Contrasting Rates of Molecular Evolution and Patterns of Selection among Gymnosperms and Flowering Plants

Abstract

The majority of variation in rates of molecular evolution among seed plants remains both unexplored and unexplained. Although some attention has been given to flowering plants, reports of molecular evolutionary rates for their sister plant clade (gymnosperms) are scarce, and to our knowledge differences in molecular evolution among seed plant clades have never been tested in a phylogenetic framework. Angiosperms and gymnosperms differ in a number of features, of which contrasting reproductive biology, life spans, and population sizes are the most prominent. The highly conserved morphology of gymnosperms evidenced by similarity of extant species to fossil records and the high levels of macrosynteny at the genomic level have led scientists to believe that gymnosperms are slow-evolving plants, although some studies have offered contradictory results. Here, we used 31,968 nucleotide sites obtained from orthologous genes across a wide taxonomic sampling that includes representatives of most conifers, cycads, ginkgo, and many angiosperms with a sequenced genome. Our results suggest that angiosperms and gymnosperms differ considerably in their rates of molecular evolution per unit time, with gymnosperm rates being, on average, seven times lower than angiosperm species. Longer generation times and larger genome sizes are some of the factors explaining the slow rates of molecular evolution found in gymnosperms. In contrast to their slow rates of molecular evolution, gymnosperms possess higher substitution rate ratios than angiosperm taxa. Finally, our study suggests stronger and more efficient purifying and diversifying selection in gymnosperm than in angiosperm species, probably in relation to larger effective population sizes.

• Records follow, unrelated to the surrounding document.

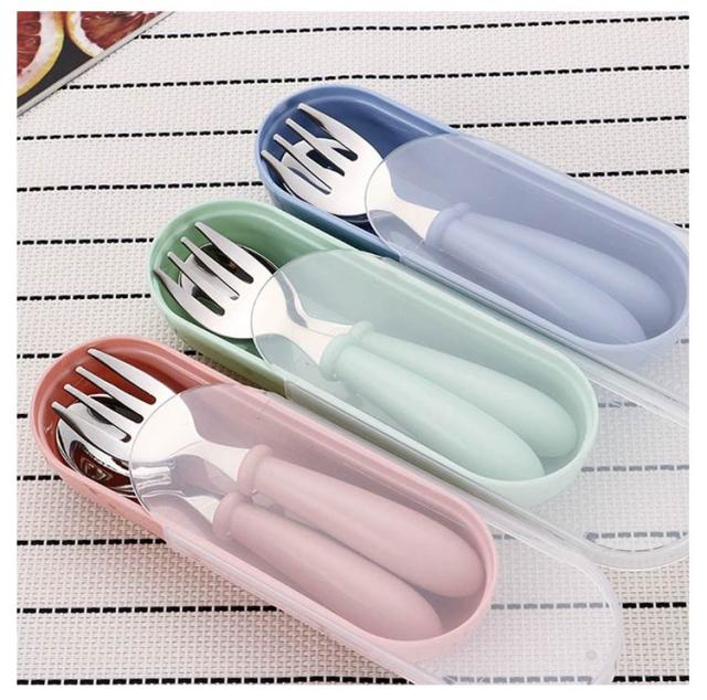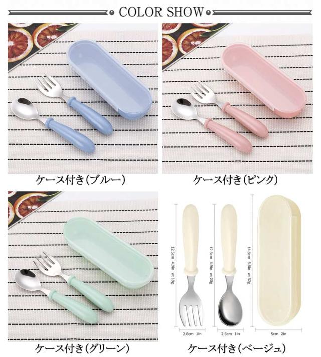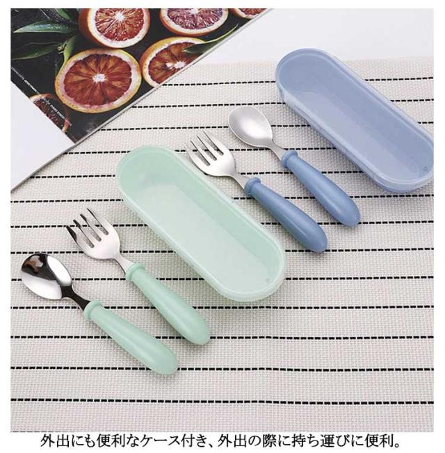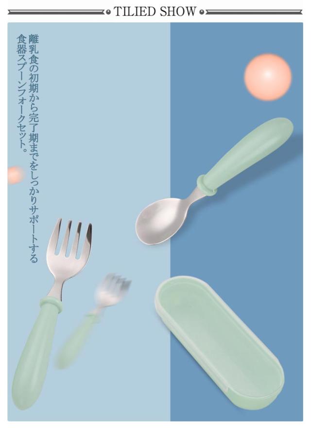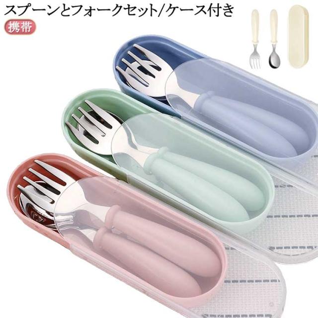 | スプーンとフォークセット/ケース付き 離乳食の初期から完了期までをしっかりサポートする食器スプーンフォークセット 外出にも便利なケース付き、外出の際に持ち運びに便利 | |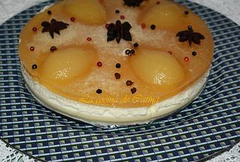 Pasadas las ocho horas de frigorífico del manjar blanco, ponemos a calentar el almíbar, sacamos las peras y lo colamos, reservando las especias para decorar. Ponemos la gelatina a remojo en agua fría. Retiramos los tallos y el corazón con las pepitas a dos peras, reservando las otras dos en un bol y trituramos en el vaso de la batidora junto con el almíbar. Pasamos de nuevo por el chino y volvemos a calentar. Añadimos la gelatina bien escurrida, dejamos que se funda bien y cuando esté templado vertemos sobre el manjar blanco cubierto con las peras reservadas partidas por la mitad.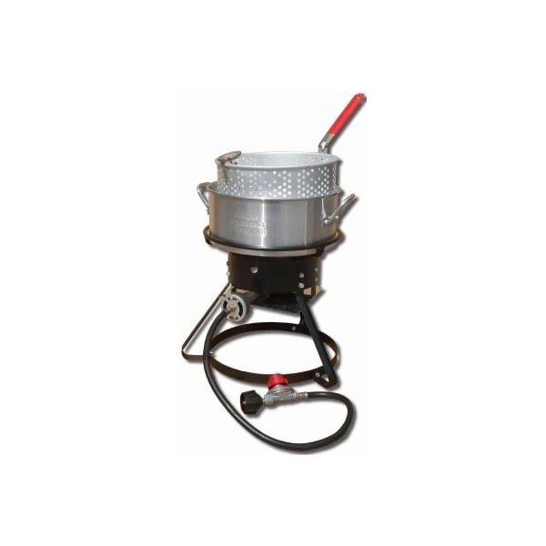 10 QT, 12, Outdoor Fish Fryer, Aluminum Fry Pan Punched Aluminum Basket, 4 Deep Fry Thermometer, 54,000 BTU Cast Burner, Listed LP Hose Regulator With Type 1 Connection, Bolt Together Cooker, Instruction Recipe Booklet, CSA Design Certified

Keywords: angiosperms; gymnosperms; life-history traits; mutation; selection; substitution rates.

Fig. 1.

Phylogenetic tree obtained from a concatenated alignment of 42 single-copy genes and 66 species distributed between two main seed plant lineages (angiosperms in green, gymnosperms in blue, and outgroup in black) inferred by RAxML. Stem branches for angiosperms and gymnosperms were used for model testing using the branch models implemented in codeml. Results of the model testing can be found in table 2.

Fig. 2.

(A) Boxplots showing differences in number of synonymous substitutions (dS), nonsynonymous substitutions (dN), absolute rate of silent-site divergence (μ), and substitution rate ratio (ω), among life forms defined as angiosperms herbs (green), angiosperms shrub/trees (light green), and gymnosperms (blue). Results of the statistical tests of comparisons among groups can be found in supplementary table S6, Supplementary Material Online. (B) Proportion of sites under negative selection, when all sites are evaluated (top left), when S < –15 (top right), and when S > –15 (bottom left); and proportion of sites under positive selection (bottom right). Green boxes represent angiosperm species, and blue boxes, gymnosperms. (C) Distribution of the selection coefficient (f(S)) of new mutations. It was calculated for all species in each taxonomic family studied, assuming a gamma distribution of ω among sites. Parameter estimates α and β were obtained from running the site model 5 in codeml (PAML) using a concatenated alignment of 29,000–31,000 sites per taxonomic family. Selection coefficients were then obtained replacing α and β in equation 1. Green dotted vertical lines are used to show the distribution of f(S) when S ≈ 0 and ω = 1 (neutrality). Taxonomic families containing less than 5 species were not analyzed due to difficulties in constructing the phylogenetic trees in RaxML.